I have tried various computer vision datasets in the past but nothing that had forced me to push the envelope on hyperparameter optimization. This was my first image-related competition.
How did you get started competing on Kaggle?
I believe it was one night where I was searching how to do something with R and as it turns out, the code that ended up helping me to understand how it was done was found on the Kaggle website. I explored the site at that time and decided to enter a competition for fun, applying a linear regression thinking that it would be easy but ended up obtaining a less-than-stellar outcome instead. It was that somewhat humbling result that pushed me into machine learning.
What made you decide to enter this competition?
I was taking the excellent deep learning course by Jeremy Howard, Kaggle’s ex-president and ex-Chief Scientist, and one of the homework assignments was to enter the competition and get a top 50% ranking. I did my homework.
Let’s get technical
Did any past research or previous competitions inform your approach?
The online notes for Stanford’s CS231n course by Andrej Karpathy were particularly useful. Also, the Kaggle Blog winner's interviews were good to spark new ideas when my score started to stall.
What preprocessing and feature engineering did you do?
I randomly partitioned the data to create a validation set containing only 8% of the training set. I also demeaned and normalized the data as needed and used data augmentation to varying degrees.
What supervised learning methods did you use?
I used deep convolutional neural networks, both trained from scratch and pre-trained on the ImageNet database. My ensemble was a weighted average of the following models:
- 1 VGG16 pre-trained on ImageNet and fine-tuned.
- 2 ResNet50s pre-trained on ImageNet and fine-tuned.
- 1 ResNet50 trained from scratch.
- 3 Xception models pre-trained on ImageNet and fine-tuned.
- Features extracted from pre-trained InceptionV3, Resnet50, VGG16, Xception, used as an input to (1) Microsoft’s implementation of gradient boosting, lightGBM and (2) a 5 layer neural network.
- 2 VGG-inspired convolutional neural networks trained from scratch.

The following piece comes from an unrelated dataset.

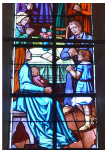
Détail d'un vitrail de l'église Saint-Barnabé du bourg du Courday

Were you surprised by any of your findings?
I was pleasantly surprised by the effect of adding relatively poor performing models into the mix. It was also interesting to play around with the different variations of rectified linear units (ReLU) as switching from standard ReLU to Leaky ReLU and Randomized Leaky ReLU had a noticeable impact.
Which tools did you use?
I used Keras, developed by François Chollet from Google, for all of the neural networks with both the Theano and TensorFlow back-ends depending on the type of model I had to run. While the vast majority of the work was done in Python, I did use R to run the lightGBM model.
What does your hardware setup look like?
It’s a relatively old Windows 7 machine running on a AMD FX-8350 CPU, with 24GB of RAM and a NVidia GTX1060 6GB GPU. I also run an Ubuntu virtual machine on it but most of the work is done on Windows. I plan on upgrading soon.
What was the run time for both training and prediction of your winning solution?
I remember that some models took over 74 hours to train as I often trained for hundreds of epochs but I cannot put an exact number on all the iterations and models that I had to run, I would estimate it at 3 or 4 weeks of running time. Predicting for the full test set took under an hour.
Words of wisdom
What have you taken away from this competition?
I learned how important it is to properly understand the evaluation function. It was worth my time to sit down with pen and paper to explore the mathematical properties of the logarithmic loss function. Understanding the formula is not the same as understanding its impact.
Looking back, what would you do differently now?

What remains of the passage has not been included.